EXERCISE AIM - Restate word for word the lines below that run from the one holding "Với kiến trúc" through the one holding "Felix Cat G1", inclusive. Pictures don't belong in the copy.

GIVEN INFORMATION -
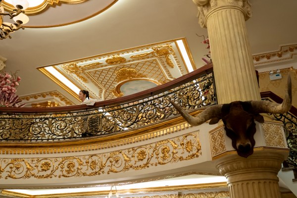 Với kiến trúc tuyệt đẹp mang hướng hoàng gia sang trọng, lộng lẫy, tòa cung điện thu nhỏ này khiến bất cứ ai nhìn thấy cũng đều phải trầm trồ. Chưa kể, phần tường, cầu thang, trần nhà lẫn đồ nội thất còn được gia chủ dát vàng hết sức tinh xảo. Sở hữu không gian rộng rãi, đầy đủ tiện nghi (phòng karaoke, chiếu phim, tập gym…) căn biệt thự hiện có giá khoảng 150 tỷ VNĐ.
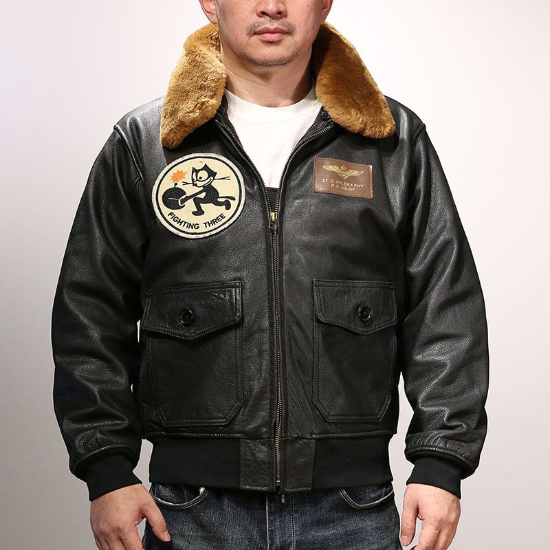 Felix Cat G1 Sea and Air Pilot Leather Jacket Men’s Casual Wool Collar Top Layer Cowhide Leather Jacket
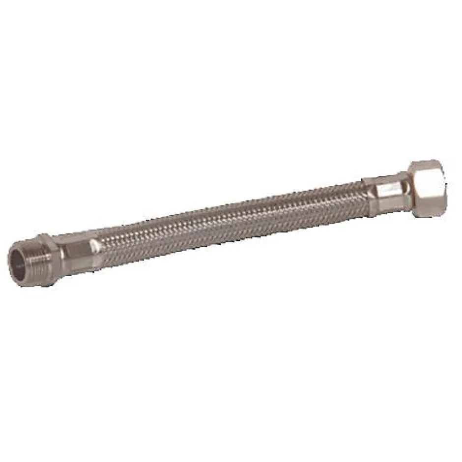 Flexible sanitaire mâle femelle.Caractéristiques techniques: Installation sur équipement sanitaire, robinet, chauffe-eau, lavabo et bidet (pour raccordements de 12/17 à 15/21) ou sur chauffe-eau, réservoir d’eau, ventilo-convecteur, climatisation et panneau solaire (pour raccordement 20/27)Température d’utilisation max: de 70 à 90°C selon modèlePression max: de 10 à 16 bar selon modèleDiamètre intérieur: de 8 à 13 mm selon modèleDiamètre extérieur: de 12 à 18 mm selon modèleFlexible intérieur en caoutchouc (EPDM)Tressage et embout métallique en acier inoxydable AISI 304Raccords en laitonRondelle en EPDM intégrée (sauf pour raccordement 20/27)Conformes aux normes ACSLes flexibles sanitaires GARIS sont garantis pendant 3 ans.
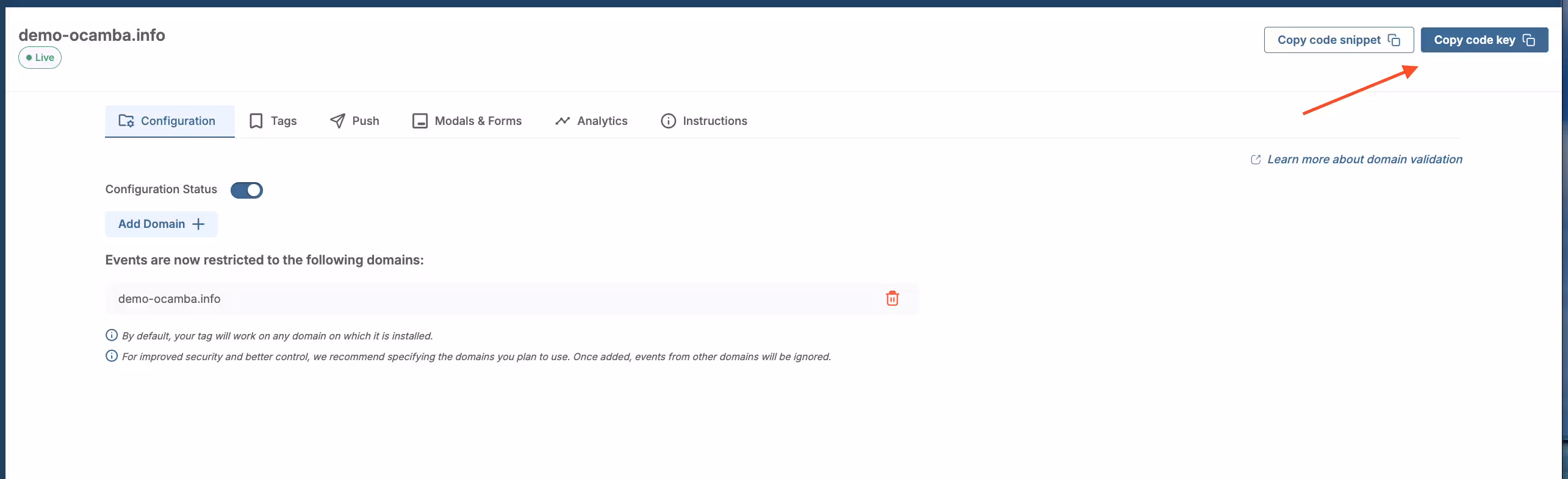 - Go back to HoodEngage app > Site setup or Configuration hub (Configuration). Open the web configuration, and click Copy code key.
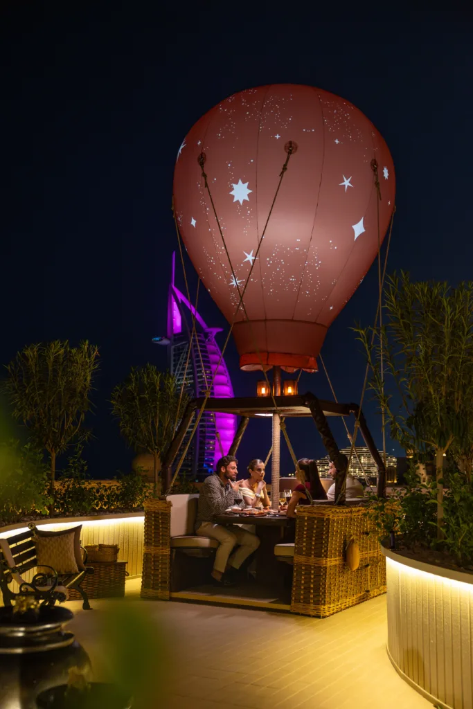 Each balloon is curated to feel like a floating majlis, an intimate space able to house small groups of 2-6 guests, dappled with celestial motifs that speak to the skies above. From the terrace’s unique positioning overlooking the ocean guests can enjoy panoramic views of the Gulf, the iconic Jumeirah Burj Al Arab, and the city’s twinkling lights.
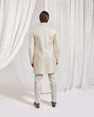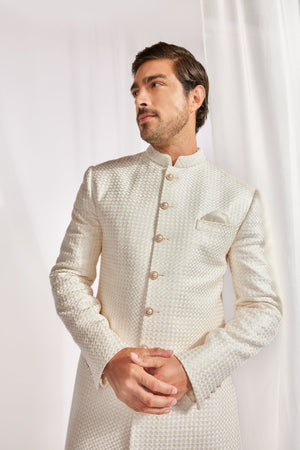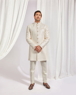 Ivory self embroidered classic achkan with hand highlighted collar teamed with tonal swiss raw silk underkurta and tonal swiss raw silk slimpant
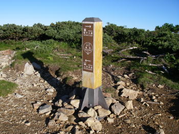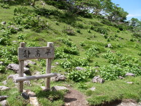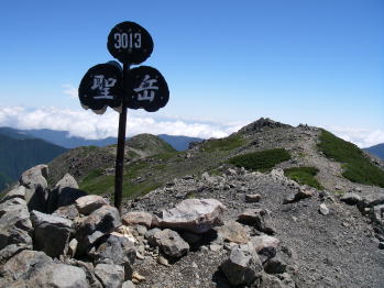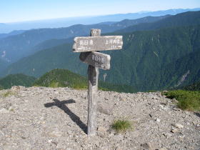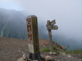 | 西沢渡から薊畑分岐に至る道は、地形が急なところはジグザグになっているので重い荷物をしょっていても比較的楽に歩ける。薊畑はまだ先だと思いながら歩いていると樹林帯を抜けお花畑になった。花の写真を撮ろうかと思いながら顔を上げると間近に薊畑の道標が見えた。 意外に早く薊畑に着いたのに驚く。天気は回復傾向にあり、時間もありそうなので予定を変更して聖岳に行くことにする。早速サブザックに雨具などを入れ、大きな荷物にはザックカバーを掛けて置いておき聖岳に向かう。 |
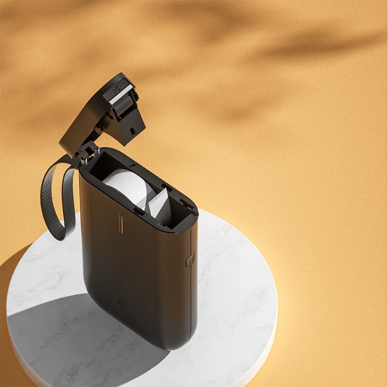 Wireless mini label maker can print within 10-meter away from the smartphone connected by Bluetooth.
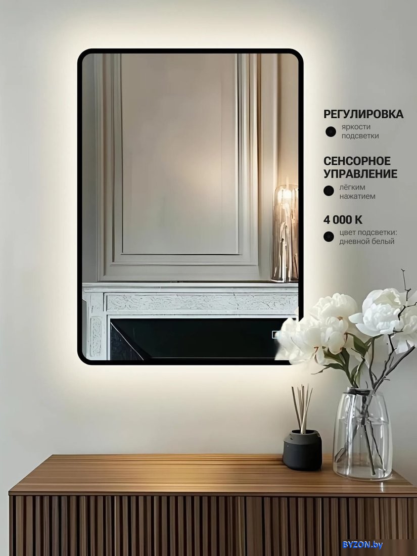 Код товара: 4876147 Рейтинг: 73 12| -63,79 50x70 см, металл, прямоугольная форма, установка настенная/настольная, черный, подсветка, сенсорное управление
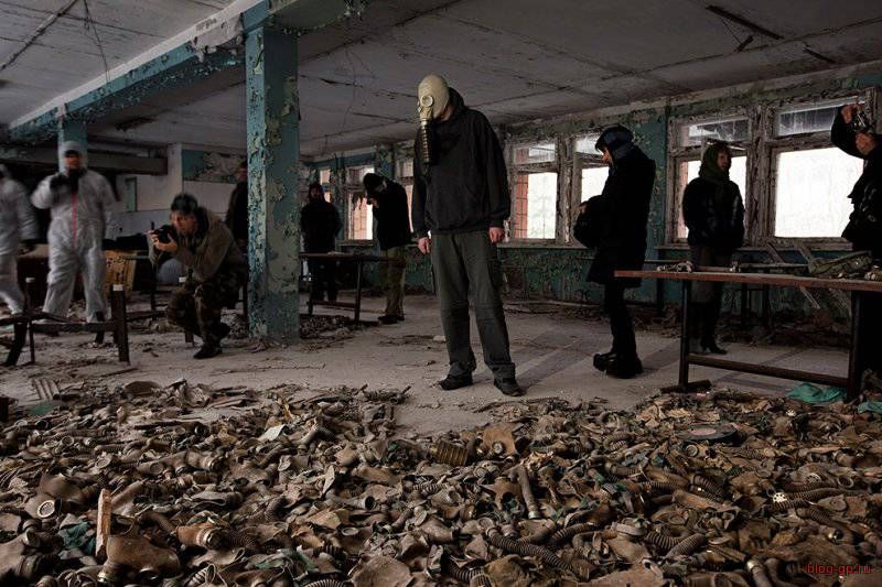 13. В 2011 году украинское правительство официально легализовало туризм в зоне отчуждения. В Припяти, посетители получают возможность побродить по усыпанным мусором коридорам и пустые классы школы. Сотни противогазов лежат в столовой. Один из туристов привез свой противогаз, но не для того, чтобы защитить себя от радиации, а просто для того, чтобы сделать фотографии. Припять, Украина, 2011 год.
--
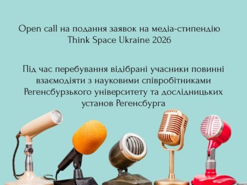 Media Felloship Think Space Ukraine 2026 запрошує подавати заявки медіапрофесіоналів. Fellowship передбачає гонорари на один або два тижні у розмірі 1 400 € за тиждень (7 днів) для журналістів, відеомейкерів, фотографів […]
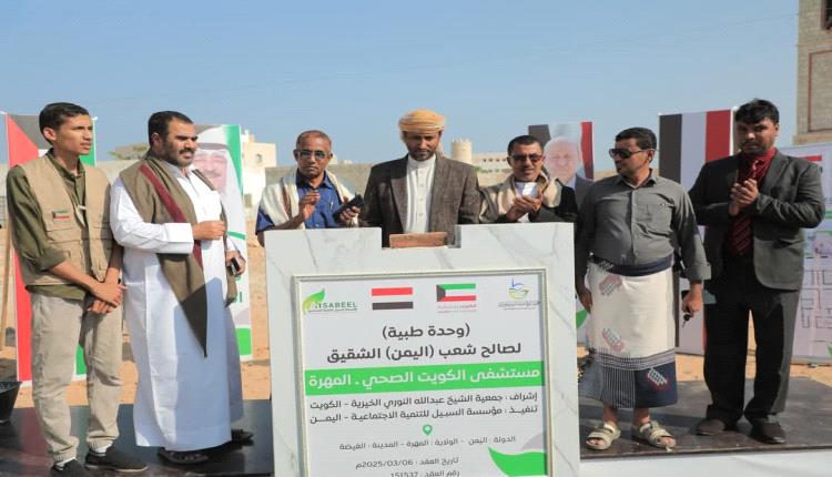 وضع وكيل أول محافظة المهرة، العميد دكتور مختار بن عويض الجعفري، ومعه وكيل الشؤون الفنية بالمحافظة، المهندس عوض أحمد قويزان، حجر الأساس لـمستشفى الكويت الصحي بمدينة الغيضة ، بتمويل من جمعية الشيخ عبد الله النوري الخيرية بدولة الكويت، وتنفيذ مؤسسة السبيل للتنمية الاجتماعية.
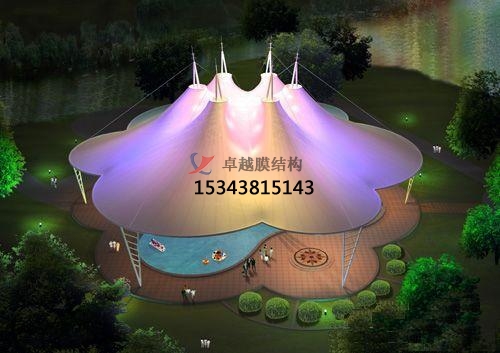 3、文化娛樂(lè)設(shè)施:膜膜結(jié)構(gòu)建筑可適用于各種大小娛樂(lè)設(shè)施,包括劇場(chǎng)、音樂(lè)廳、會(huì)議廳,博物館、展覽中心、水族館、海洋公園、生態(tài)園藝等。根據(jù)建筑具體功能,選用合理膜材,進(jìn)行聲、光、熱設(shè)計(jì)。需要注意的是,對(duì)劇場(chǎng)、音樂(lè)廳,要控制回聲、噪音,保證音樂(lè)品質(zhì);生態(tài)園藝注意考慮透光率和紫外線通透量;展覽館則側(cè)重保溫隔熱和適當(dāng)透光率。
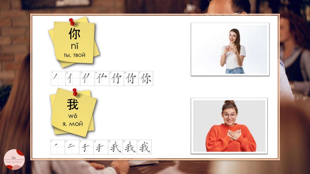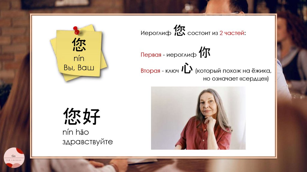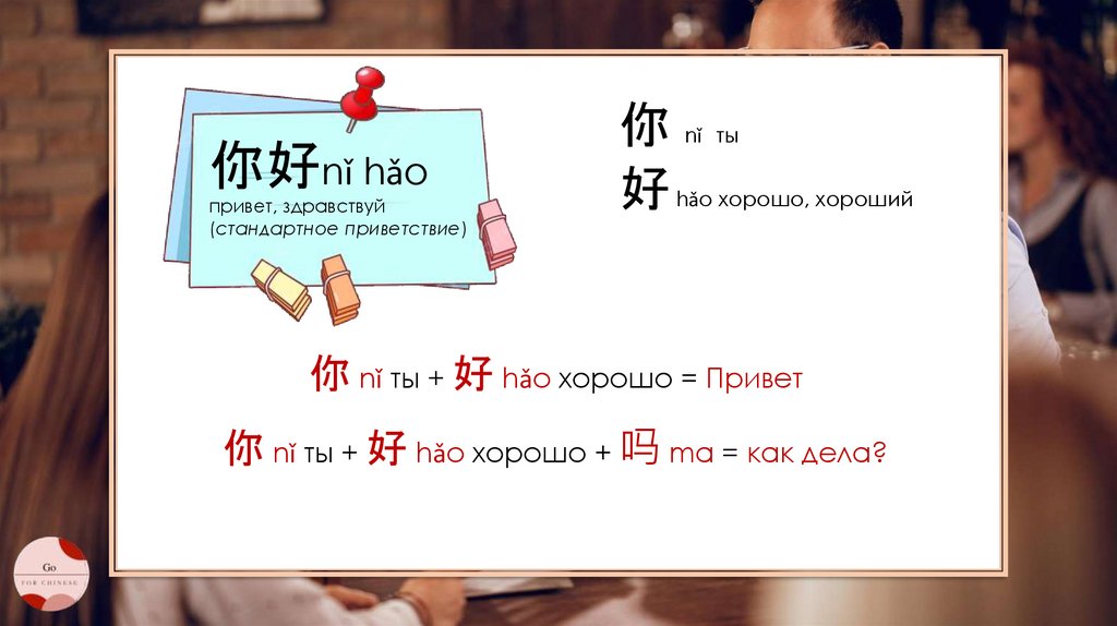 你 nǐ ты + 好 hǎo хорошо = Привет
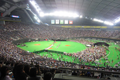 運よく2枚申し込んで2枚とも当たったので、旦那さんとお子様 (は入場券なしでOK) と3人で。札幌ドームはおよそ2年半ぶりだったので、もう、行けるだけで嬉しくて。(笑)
--
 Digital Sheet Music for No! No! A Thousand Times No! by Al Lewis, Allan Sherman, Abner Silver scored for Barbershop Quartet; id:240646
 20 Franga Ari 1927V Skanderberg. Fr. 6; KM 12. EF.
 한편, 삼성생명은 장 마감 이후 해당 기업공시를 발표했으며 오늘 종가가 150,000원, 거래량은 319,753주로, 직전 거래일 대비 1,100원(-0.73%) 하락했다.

ANSWER SPACE -
 Với kiến trúc tuyệt đẹp mang hướng hoàng gia sang trọng, lộng lẫy, tòa cung điện thu nhỏ này khiến bất cứ ai nhìn thấy cũng đều phải trầm trồ. Chưa kể, phần tường, cầu thang, trần nhà lẫn đồ nội thất còn được gia chủ dát vàng hết sức tinh xảo. Sở hữu không gian rộng rãi, đầy đủ tiện nghi (phòng karaoke, chiếu phim, tập gym…) căn biệt thự hiện có giá khoảng 150 tỷ VNĐ.
 Felix Cat G1 Sea and Air Pilot Leather Jacket Men’s Casual Wool Collar Top Layer Cowhide Leather Jacket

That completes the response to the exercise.